INSTRKTIV is already working on future features like:
- Automated updates with regulation changes
- AI-generated images
- Dynamic, interactive documentation (voice, chat, video)
- Deeper integration with CCMS tools
Our long-term vision? Technical content that’s not just readable and compliant, but adaptive, multimedia-rich, and instantly available wherever users need it.
A note of caution: DocRock™ still needs rigorous testing
While the potential of DocRock™ is undeniably exciting, INSTRKTIV is clear about one thing: the system still needs more testing in diverse real-world scenarios before it can be considered a turnkey solution.
Even state-of-the-art models, including OpenAI’s recently released O3 and O4-mini, have shown unexpected behaviours- sometimes inventing facts or generating content that sounds plausible but isn’t true. OpenAI itself has admitted that they don’t fully understand why this happens. One particularly bizarre example: a model claimed it had run code “on a MacBook Pro outside of ChatGPT” - which, let’s be honest, makes about as much sense as a fish claiming it just rode a bicycle.

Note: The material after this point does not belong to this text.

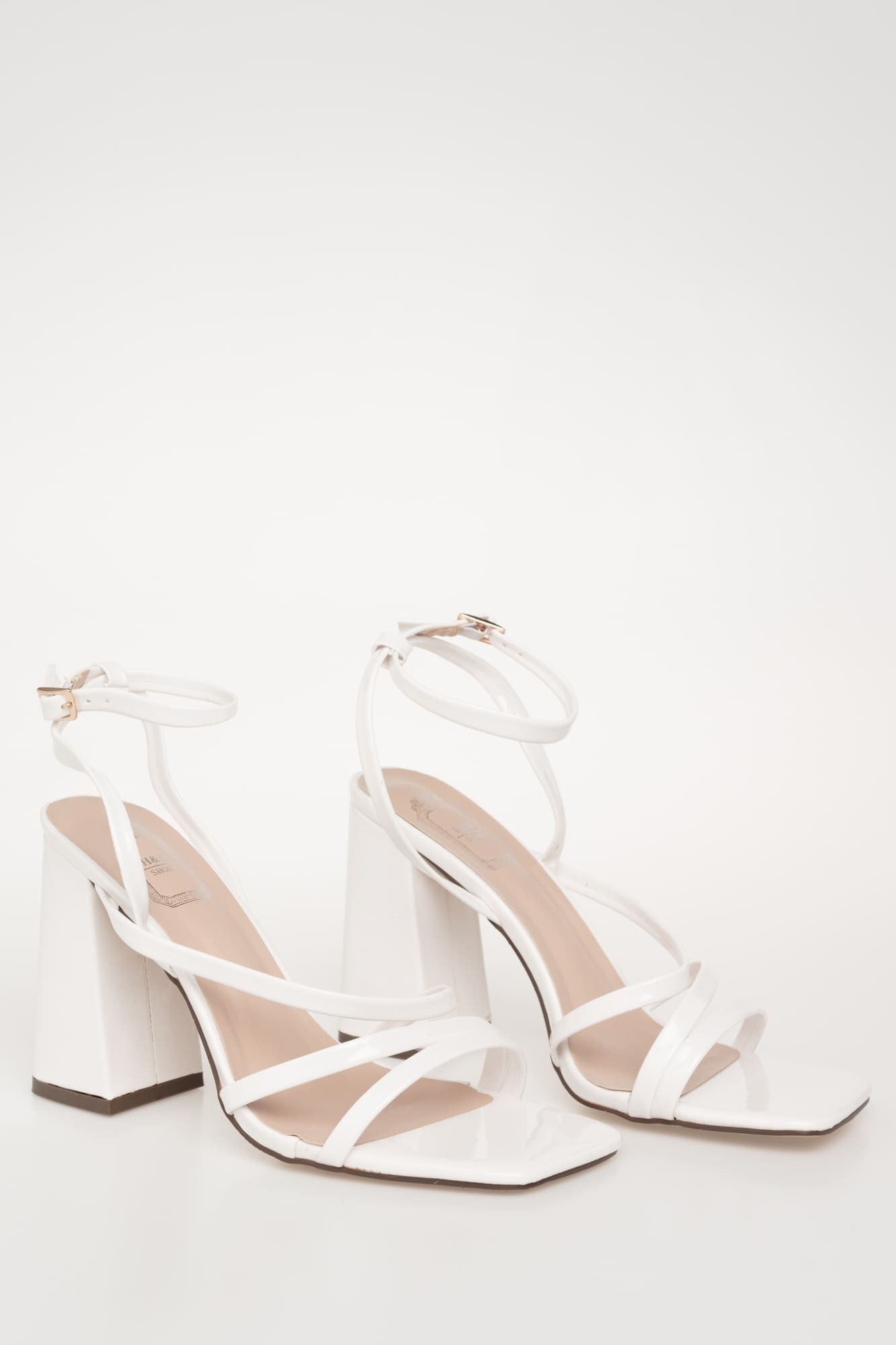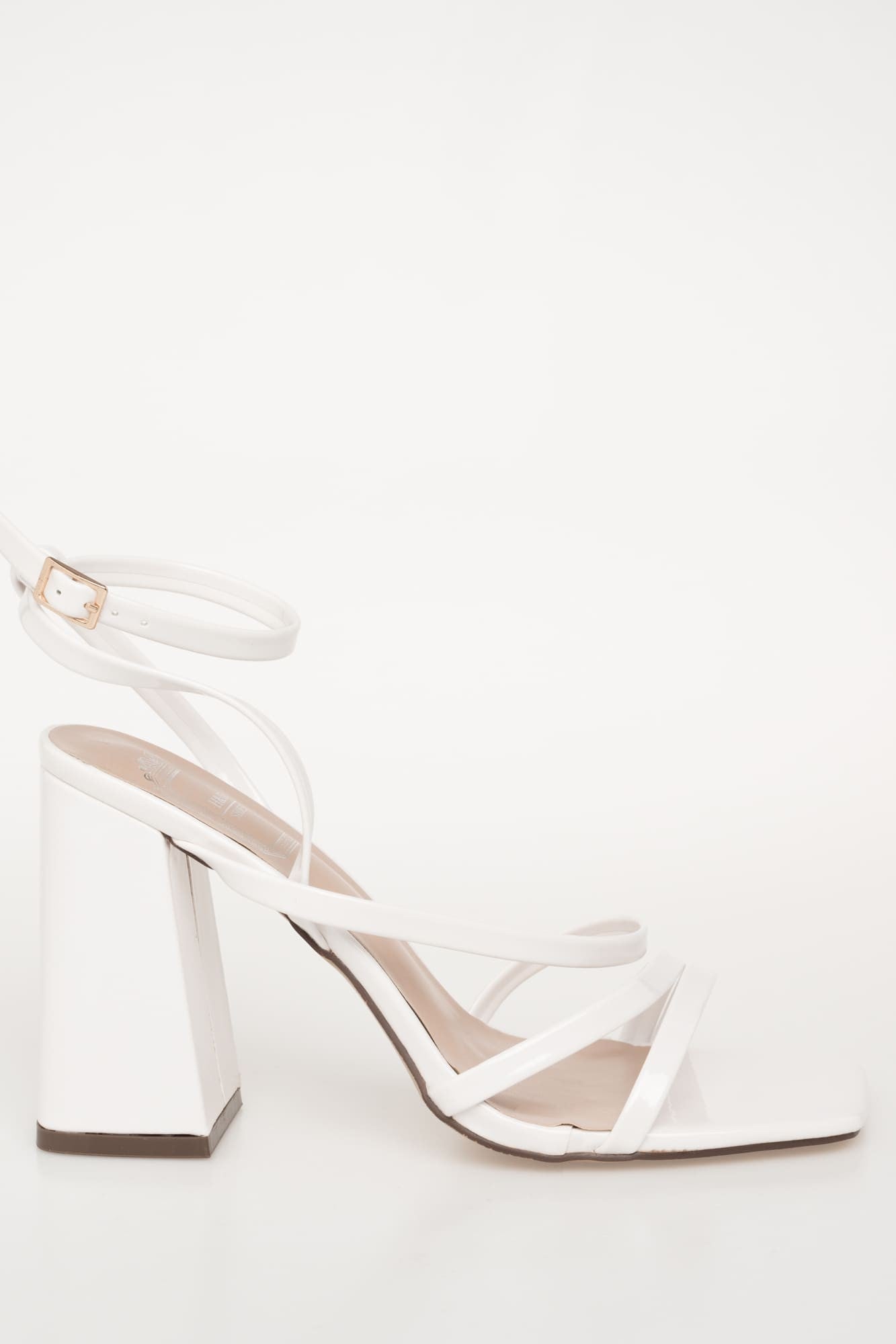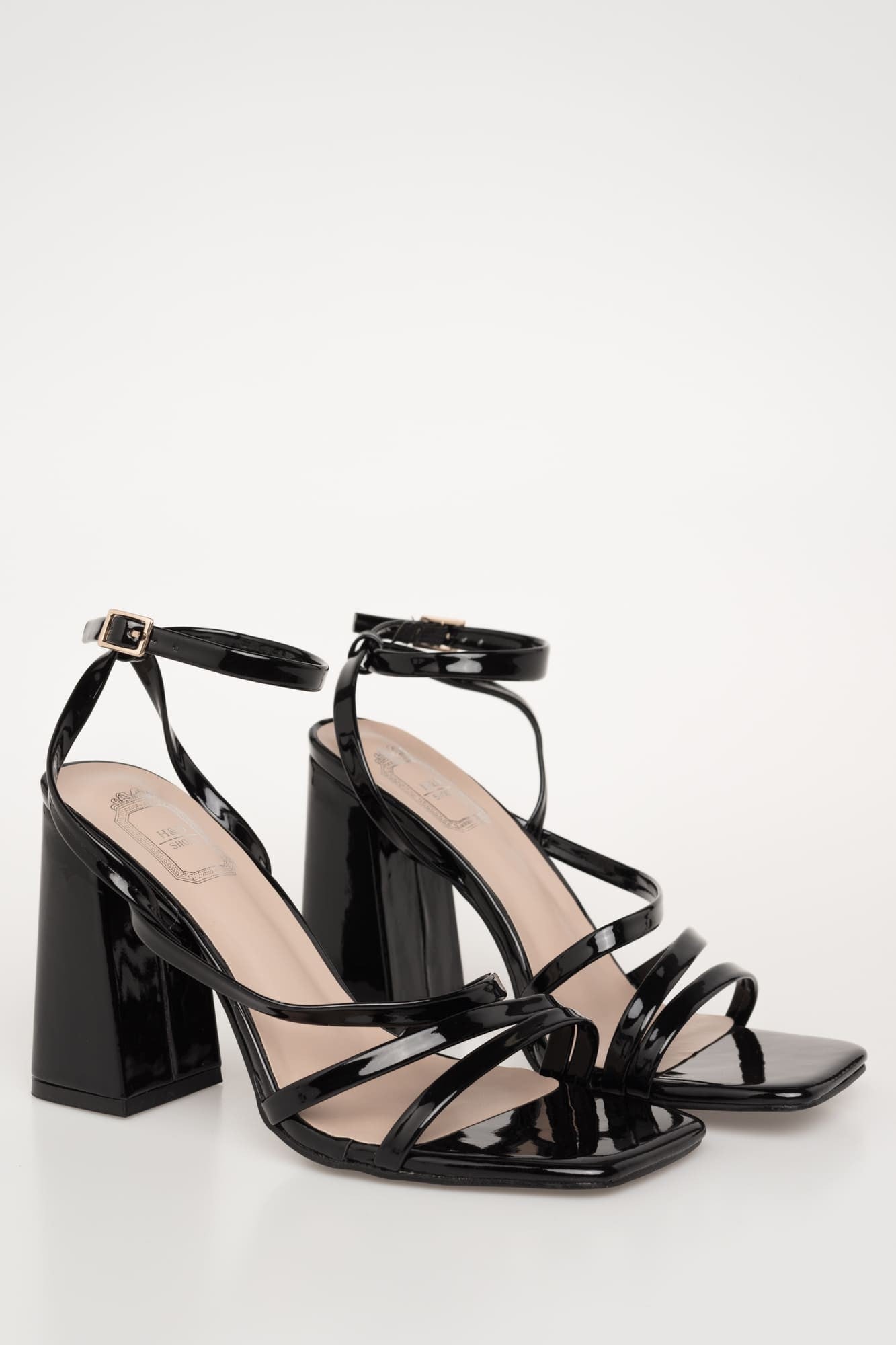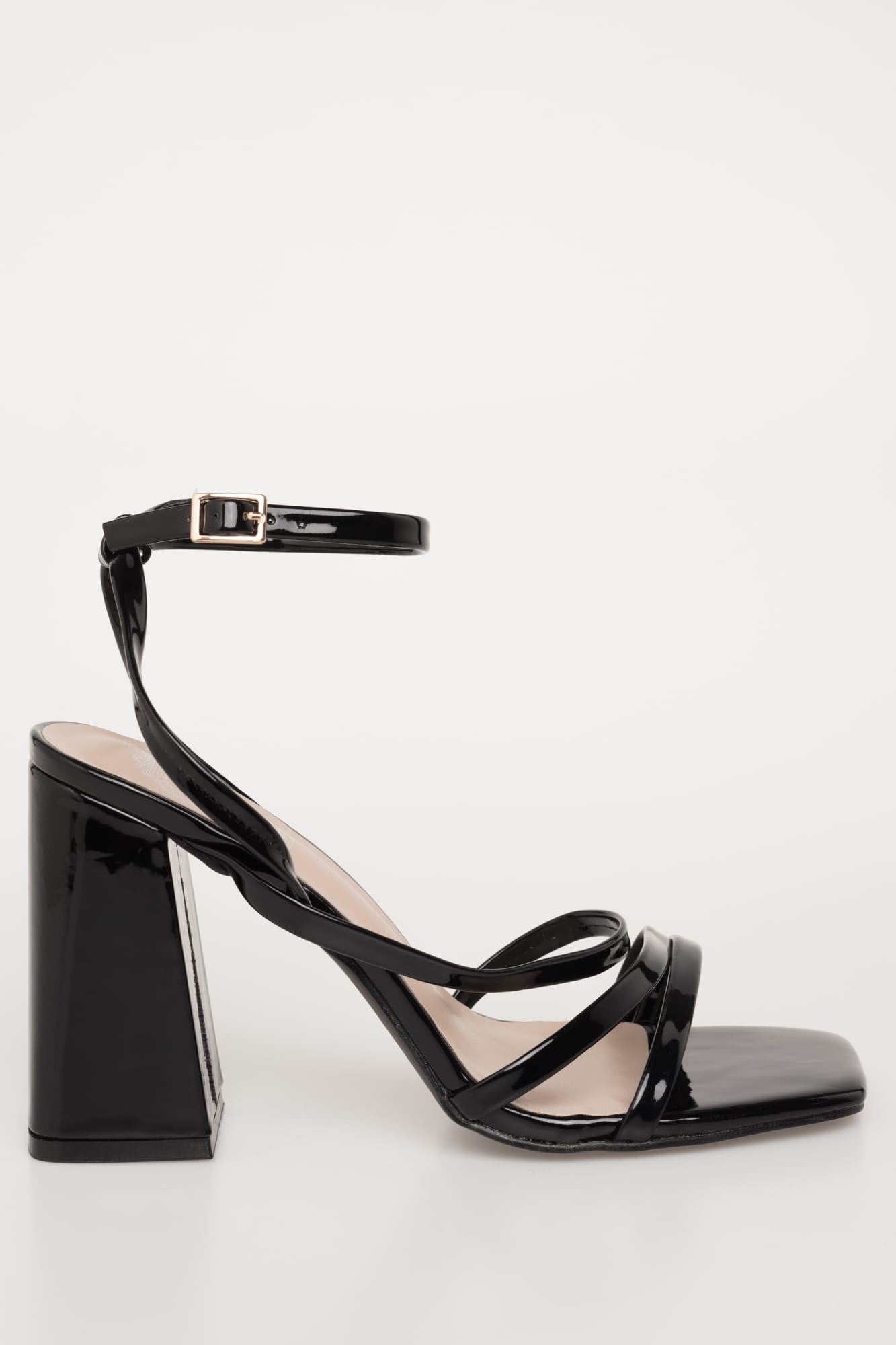 Sandalia de tacón, diseño tirantes, efecto charol. Tacón bloque forrado. Acabada en punta cuadrada. Cierre de hebilla atado al tobillo. Altura del tacón: 10 cm.

This illustrates a broader truth: AI tools are powerful but not infallible. That’s why DocRock™ was intentionally built around a human-in-the-loop approach. The AI generates content, but technical writers and subject matter experts are still responsible for reviewing and approving each section.

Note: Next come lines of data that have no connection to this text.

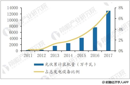 2011年-2017年光伏累計(jì)裝機(jī)和占比
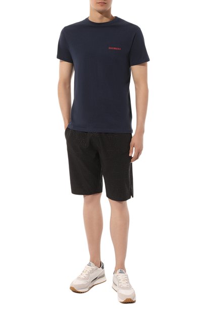 Футболку оттенка Gold Flake Yellow выполнили из хлопкового джерси. Модель с круглой горловиной украсили вышитой эмблемой, отсылающей к символике итальянских ВВС.
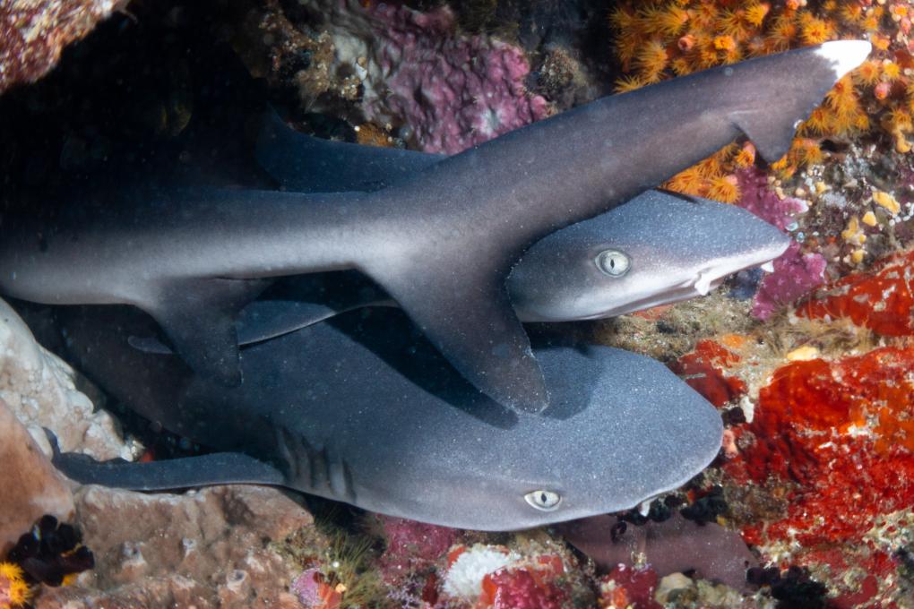 2018年10月26日,在印度尼西亚科莫多国家公园海域,3条小鲨鱼躲在一个洞穴中。
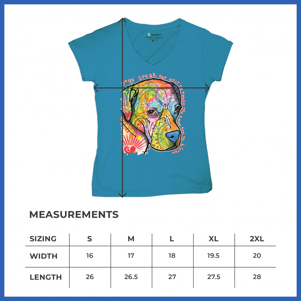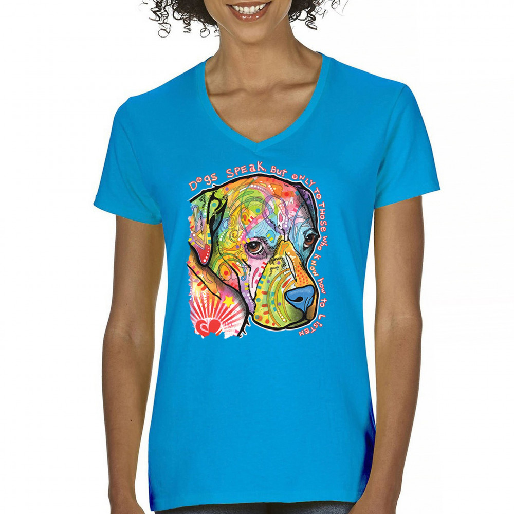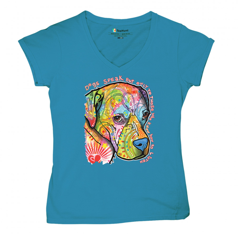 DOGS SPEAK TO THOSE WHO LISTEN women's v-neck t-shirt dean russo neon pet tee turquoise

In other words, DocRock™ may cut down documentation time by 75%, but quality assurance remains a human job. The tool is only as strong as the oversight behind it - and technical writers play a key role in making sure the final output is accurate, compliant, and usable.
So, as promising as this technology is, it’s important not to treat it as a magic button. Like all good tech, DocRock™ needs thoughtful implementation, careful validation, and continuous refinement. The future of AI-powered documentation is bright - but it still needs human eyes on the road.
Bottom line
DocRock™ is a signpost pointing to the future of technical writing. It turns documentation from a chore into a strategic asset. For writers willing to embrace AI, it offers not just faster workflows, but smarter, more impactful content.

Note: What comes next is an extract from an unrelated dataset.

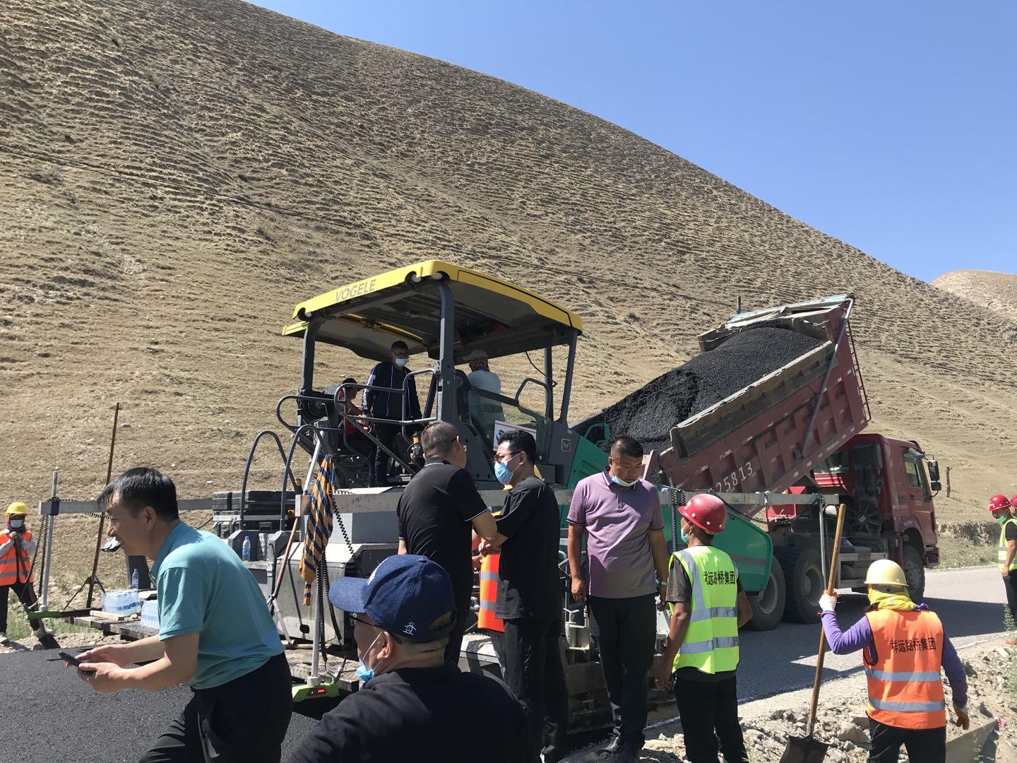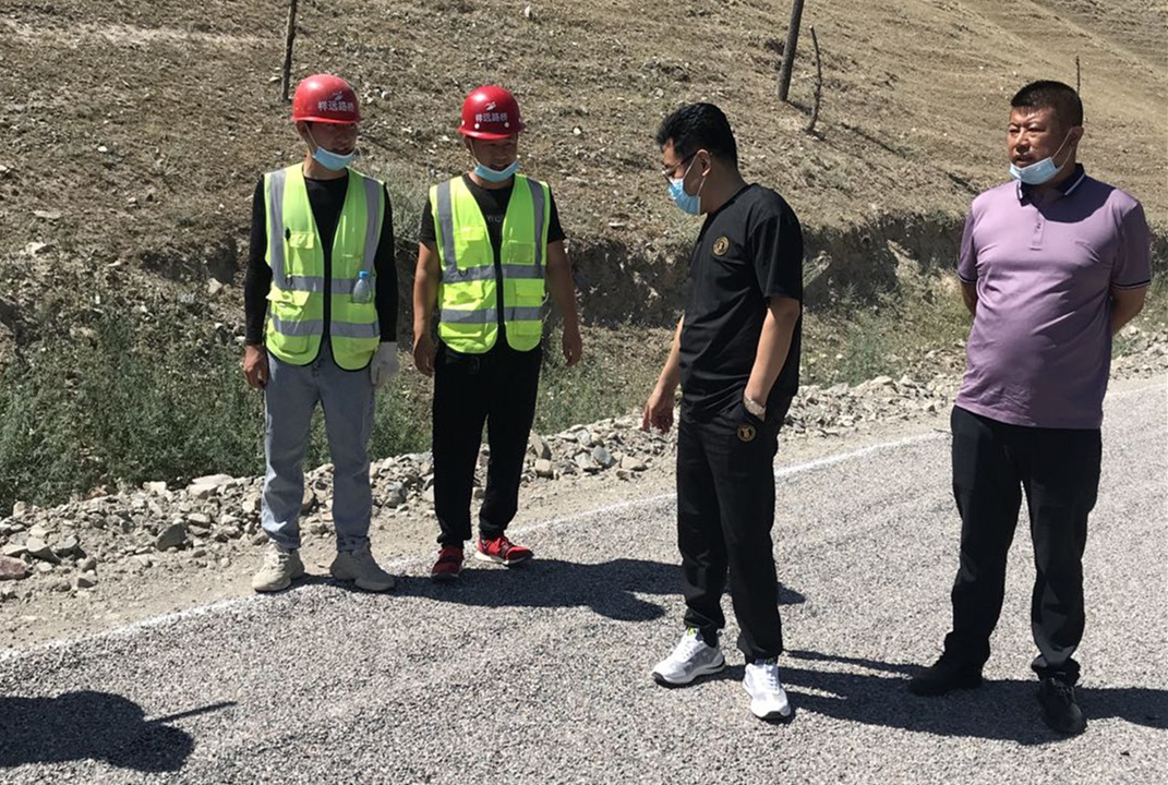 大家首先來到施工現(xiàn)場,工人們正頭頂烈日、腳踩高溫緊張的作業(yè),站在離攤鋪的位置幾米遠都能感覺到陣陣熱浪撲來,就是在這樣的工作環(huán)境下,我們的工人依然堅守著。檢查組一行認真觀察路面的壓實度、厚度及平整度等,對工程安全質量措施的落實執(zhí)行情況進行邊查邊看邊問,并對檢查過程中存在的問題與不足進行現(xiàn)場指導。
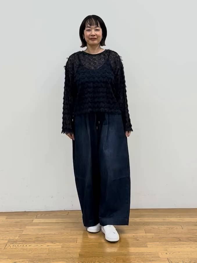 フリンジが可愛らしく、透け感もあるので、濃い色のコーデでも女性らしく仕上がります。

Ready to spend less time drafting and more time shaping the user experience? Then it’s time to watch DocRock™ closely.
Meta’s smart glasses take on real-time translation - what does it mean for technical documentation?
What is the AI news?
Ever wished you had a personal translator whispering in your ear while travelling? Meta just made that almost a reality. The tech giant has rolled out live translation features to all users of its Ray-Ban Meta smart glasses - a big step forward in wearable language tech.
So, what can these glasses actually do? Right now, they support real-time translation between English, French, Italian, and Spanish. You’ll hear translations directly in your ear, which is great - except there’s a catch. The person you’re speaking to still needs to read your replies via the Meta View app on their phone. So, yes, it's useful - but not quite the seamless multilingual conversation of science fiction dreams.
There’s also offline support if you pre-download languages - handy for places with patchy Wi-Fi. And Meta isn’t stopping at translation. New features on the horizon include Instagram messaging, music playback via Spotify and Apple Music, video calling, and an AI assistant that “sees what you see” for more natural interactions.
Why it matters
At first glance, this might feel like a gadget for travellers. But the implications go deeper - especially for those of us working on technical content for international audiences.
The big takeaway? Real-time, wearable translation is inching closer to practicality. For technical communicators, this raises an eyebrow: Will we still need to localise every manual if users can just “wear” a translator?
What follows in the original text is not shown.